If you want to enroll real hosts or deploy to a more scalable environment, we recommend deploying Fleet to a server.

Infrastructure dependencies

Fleet currently has three infrastructure dependencies: MySQL, Redis, and a TLS certificate.

Fleet's architecture diagram

MySQL

Fleet uses MySQL extensively as its main database. Many cloud providers (such as AWS and GCP) host reliable MySQL services which you may consider for this purpose. A well supported MySQL Docker image also exists if you would rather run MySQL in a container. For more information on how to configure the fleet binary to use the correct MySQL instance, see the Configuration document.

Fleet requires at least MySQL version 5.7.

Redis

Fleet uses Redis to ingest and queue the results of distributed queries, cache data, etc.
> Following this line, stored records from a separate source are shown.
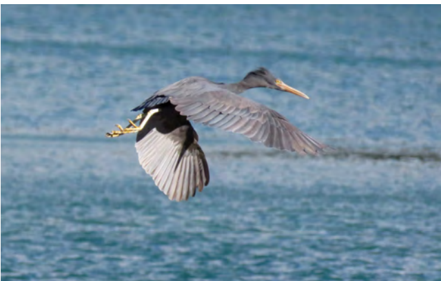
Pacific Reef Heron (Matuku moana), Jackson Bay, Westland. Now this was an unexpected sighting! While my parents and I were looking out for Fiordland Crested Penguins at the Jackson Bay heads, I suddenly saw a Reef Heron fly past us, followed by a few others. It seemed to be two pairs that were in the midst of a territorial confrontation, though at least one of the herons seemed to keep its distance from the others at most times. After a little while one of the pairs flew off further up the coast, while the victors flew back to a vegetated rock stack, where they landed and presumably nest. Thankfully at that time my dad and I were doing an ebird checklist, so this was recorded down for all to see!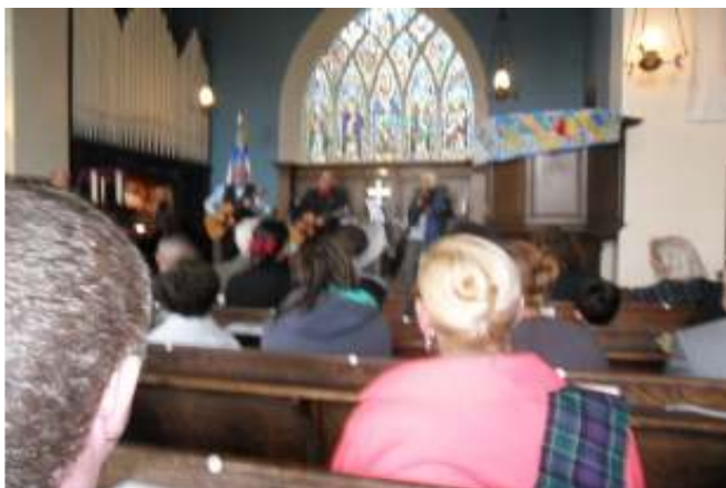
The Service in the Chapel of the Garioch with the Standard of the Earl of Rothes on the right.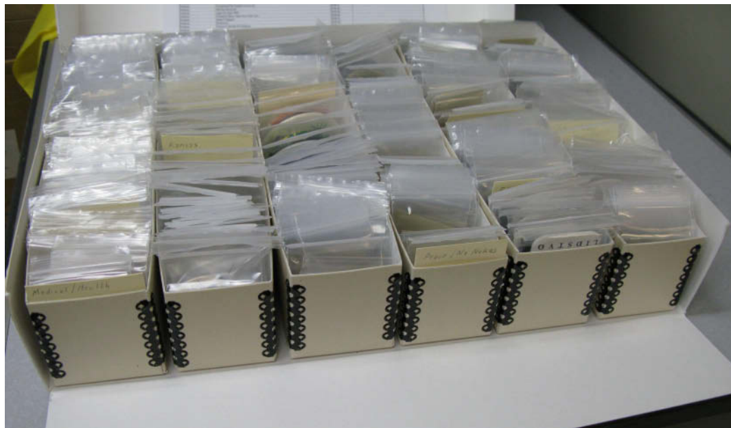
Fig. 5. Buttons housed in polyethylene bags, placed within slide trays in a slide storage box.

Media Burn is a small independent video archive in Chicago. It began operations in 2003 when founder Tom Weinberg, who had produced several documentaries and television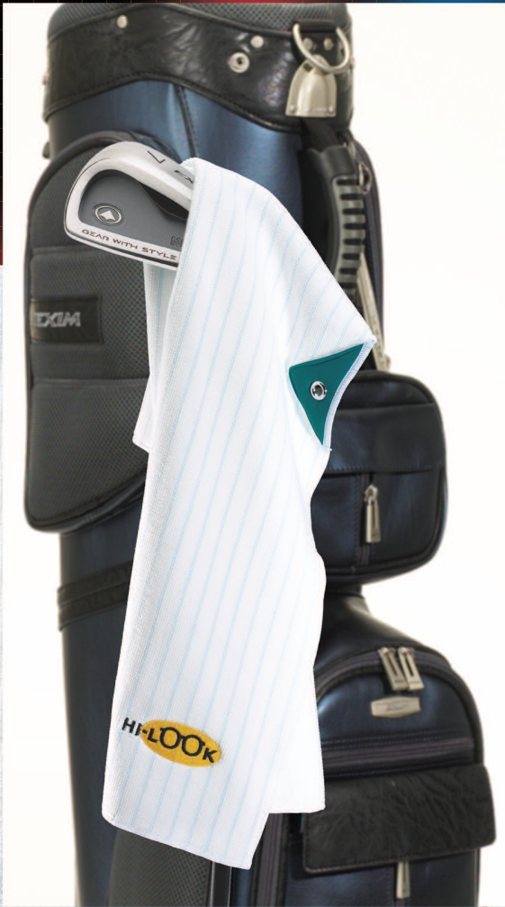
Hang the Hi-Tech Golf Towel from your golf club bag.

Scrub and clean your clubs with Hi-Tech dual element front layer.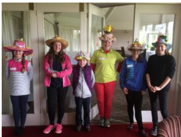
Some extra photos from the Easter Bunnies Day!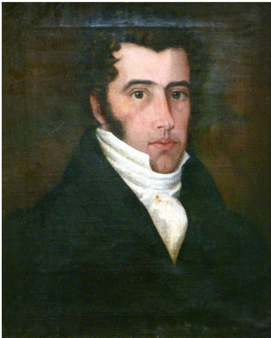
Plate 68 Unknown artist: John Macarthur (?) (n.d.). Unauthenticated portrait.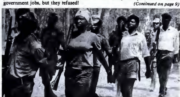
Not only are Afrikans struggling against colonialism in Angola, Mozambique, Guinea Bis-sau, Azania, Namibia and Zimbabwe, but struggles are being waged against Neo-colonialism in Chad, Ethiopia, Zaire and the Cameroon

Chad is military, political and economic subordinate of France, who it military, uses in times of crisis, such as using the army to put down minor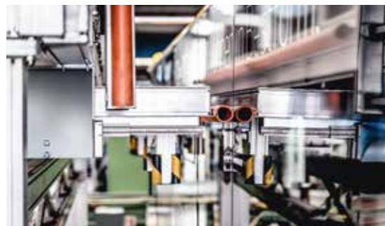
The work platforms can dock to the vehicles with zero clearance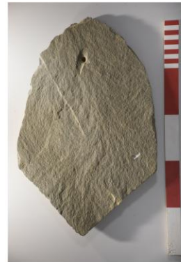
27. Abermagwr Slate ABR15 119 G - 3.jpg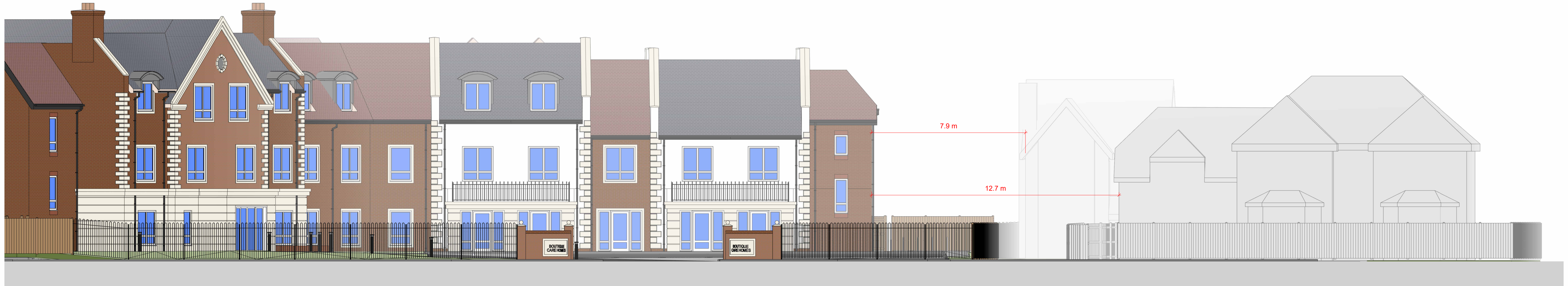
Street Section - Westmorland Road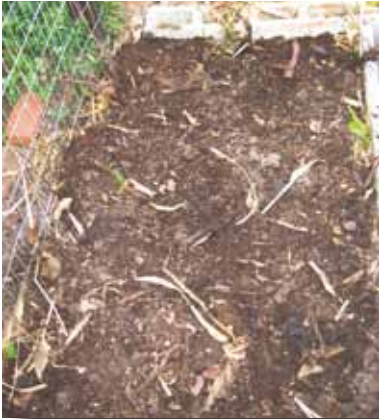
Isinyathelo 5: Faka umquba.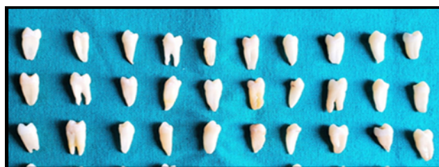
Fig. 1: Premolar teeth specimens

Orthodontically extracted 30 premolars free from the crack, caries, and restoration were selected. Teeth were cleaned and stored in distilled water until use. Class I cavity preparations were done with dimensions 1.5 x 2 x 2 mm (l x b x h) of cavity size. The samples were randomly divided into 3 groups of 20 each. The three groups were Group A – Cention-N, Group B - GC Fuji IX, and Group C - Composite Z-350. The teeth were restored with respective restorative materials. They were restored according to the manufacturer's instructions (Table 1). The specimens were kept in a saline solution for 24 hours. The teeth were mounted in the acrylic blocks for good grip.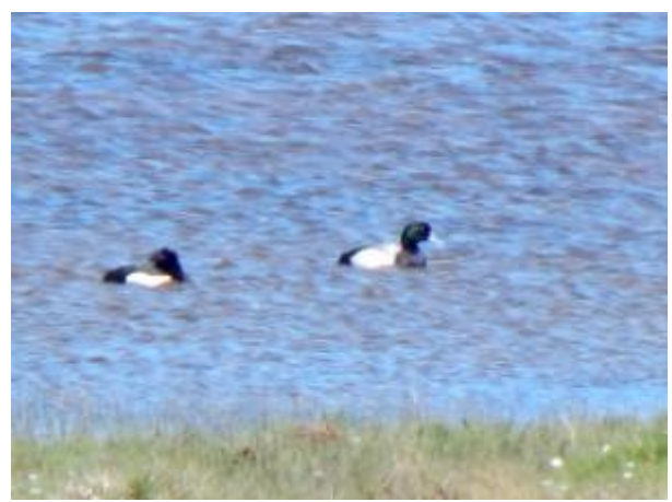
Greater Scaup – Loch a' Phuill, Tiree 05 Jun.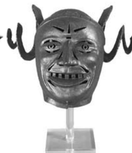
19th century Victorian "Medieval Punishment Mask." 14"H x 18"W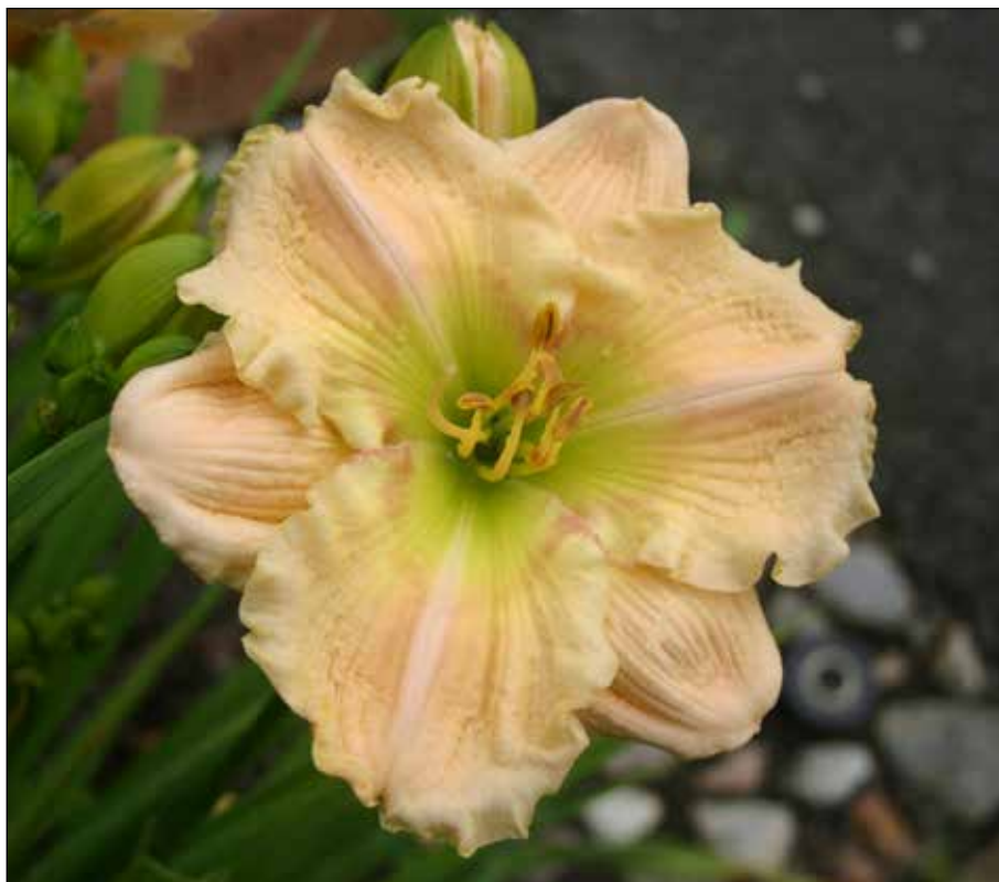
H. 'Elsie Spalding' (Spalding 1985)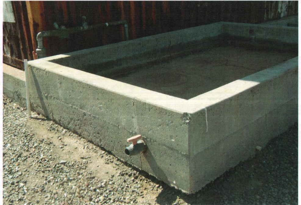
former containment systems

Many cloud providers (such as AWS and GCP) host reliable Redis services which you may consider for this purpose. A well supported Redis Docker image also exists if you would rather run Redis in a container. For more information on how to configure the fleet binary to use the correct Redis instance, see the Configuration document.

TLS certificate

In order for osqueryd clients to connect, the connection to Fleet must use TLS. The TLS connection may be terminated by Fleet itself, or by a proxy serving traffic to Fleet.

  • The CNAME or one of the Subject Alternate Names (SANs) on the certificate must match the hostname that osquery clients use to connect to the server/proxy.
  • If you intend to have your Fleet instance on a subdomain, your certificate can have a wildcard SAN. So fleet.example.com should match a SAN of *.example.com
  • If self-signed certificates are used, the full certificate chain must be provided to osquery via the --tls_server_certs flag.
  • If Fleet terminates TLS, consider using an ECDSA (rather than RSA) certificate, as RSA certificates have been associated with performance problems in Fleet due to Go's standard library TLS implementation.